Ein „Missionar“ kommt in den Bus und fängt an zu predigen. In einer Lautstärke und Intonation (eigentlich ein einziges Gebrülle), dass man ihm am liebsten selbst entgegen schreien würde: „Shut the fu…. hell up!“.

Diese Brüll-Predigten dauern oft über eine halbe Stunde. Die Männer (Frauen habe ich bisher noch nicht erlebt) Brüllen sich ein Zeug zusammen, dass es schon fast weh tut und am Ende wird nachdrücklich um Geld oder die Telefonnummer gebeten!

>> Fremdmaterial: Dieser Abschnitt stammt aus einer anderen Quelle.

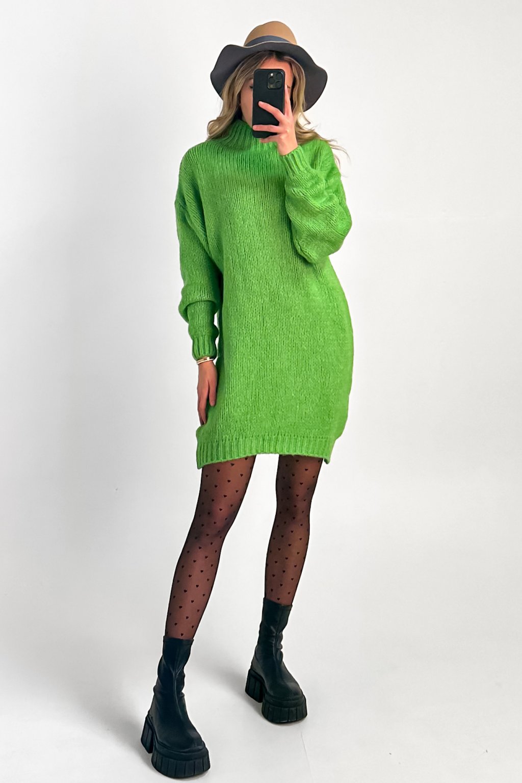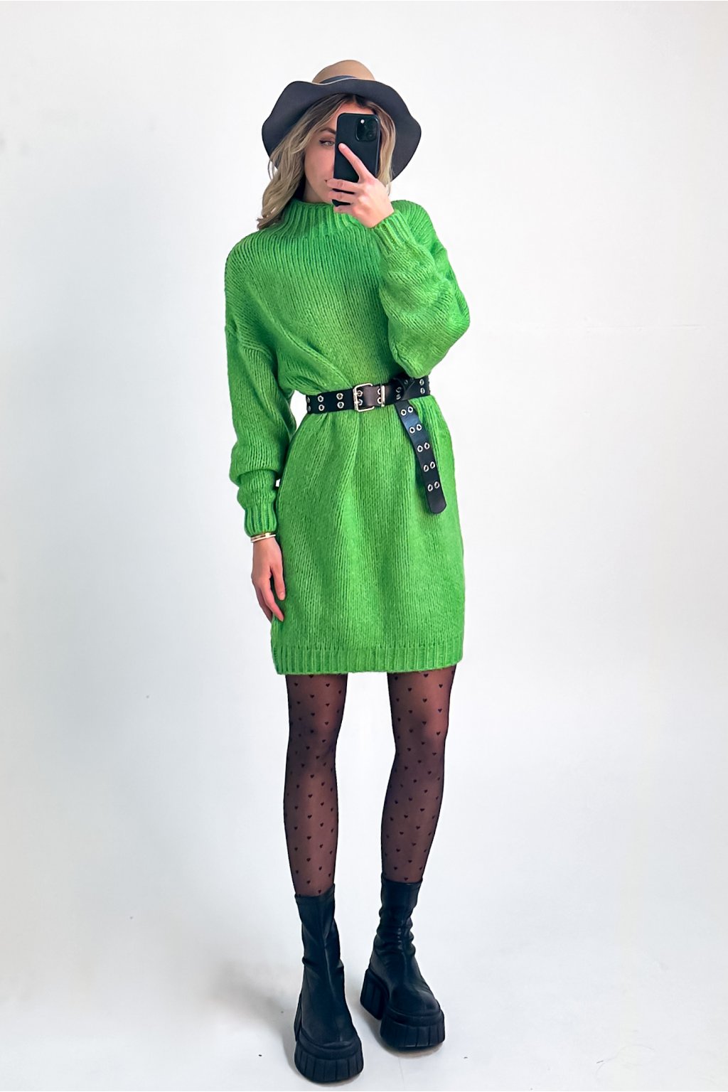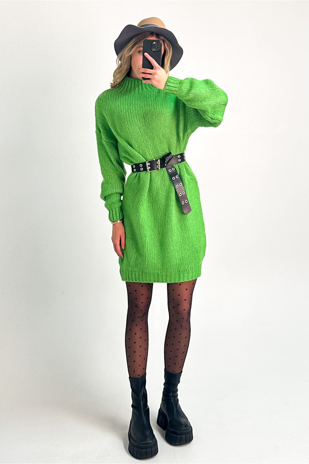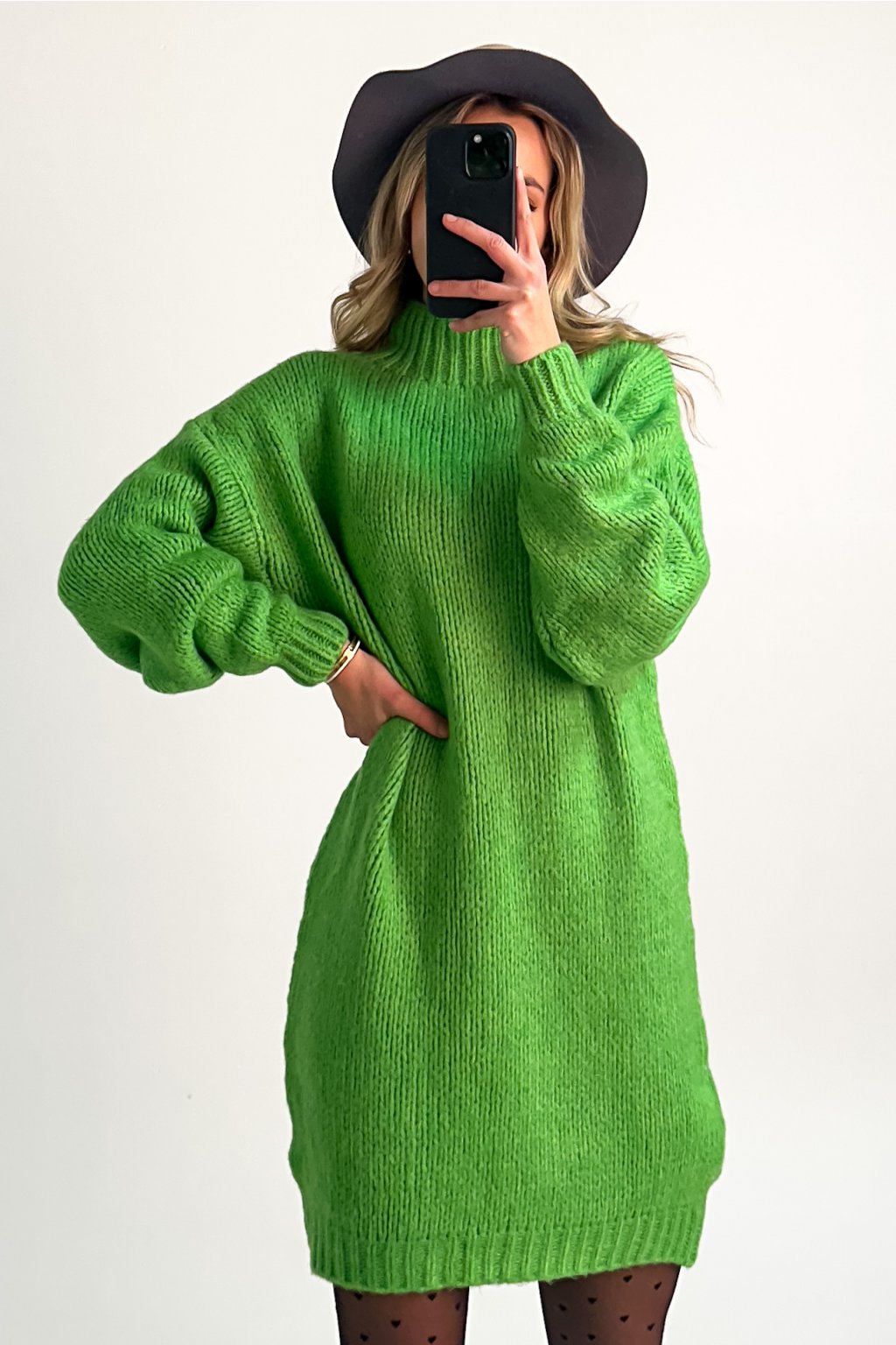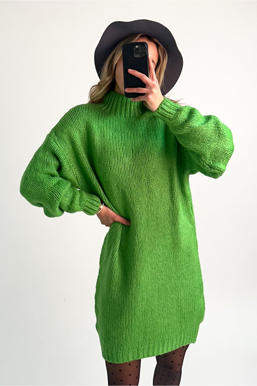 Dlhý sveter, alebo šaty tvorí z tohto produktu univerzálny kúsok, ktorý môžte kombinovať so silonkami, alebo s džínsami či legínami. Úpletový sveter s polorolákom je vo voľnom strihu vďaka čomu je pohodlný, avšak dokonalý outfit dotvorí aj kombinácia s opaskom. Opasok na fotkách nie je súčasťou produktu.
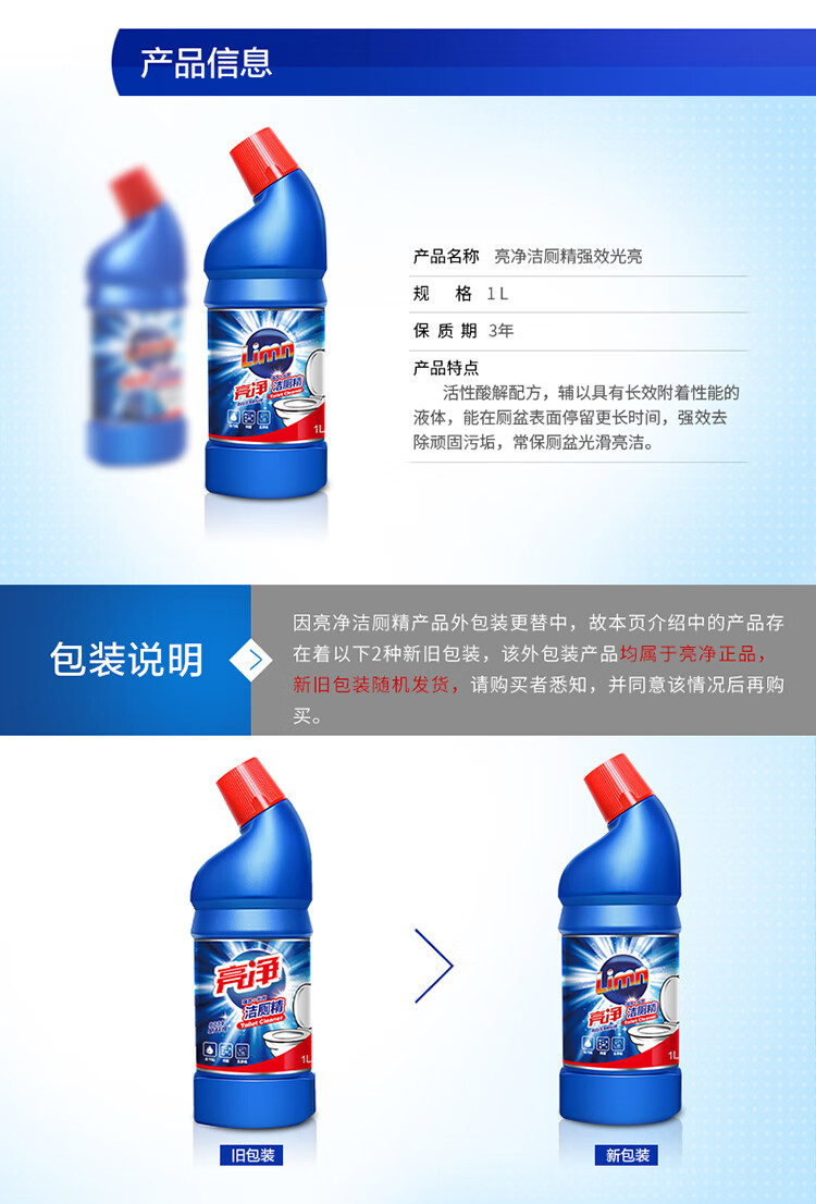亮净强力光亮洁厕液1L 洁厕灵 马桶清洁剂 去味清新 柠檬香 有效抑菌

Ich habe während solcher Ereignisse selbst schon öfter ein Stoßgebet gen Himmel versandt und dem lieben Gott für meine schalldichten Kopfhörer gedankt (und ihn auch gebeten, einen kleinen tödlichen Blitz vom Himmel zu schicken).

Der Bus kann natürlich erst abfahren, wenn dieser Mensch fertig mit Missionieren ist, was oft zu Verspätungen führt. Da es sich aber um irgendetwas Christliches handelt und man vielleicht Angst hat, in die Hölle zu kommen, schreitet niemand ein, auch wenn es alle nervt.

So. Jetzt bin ich´s los. Friede sei mit Euch.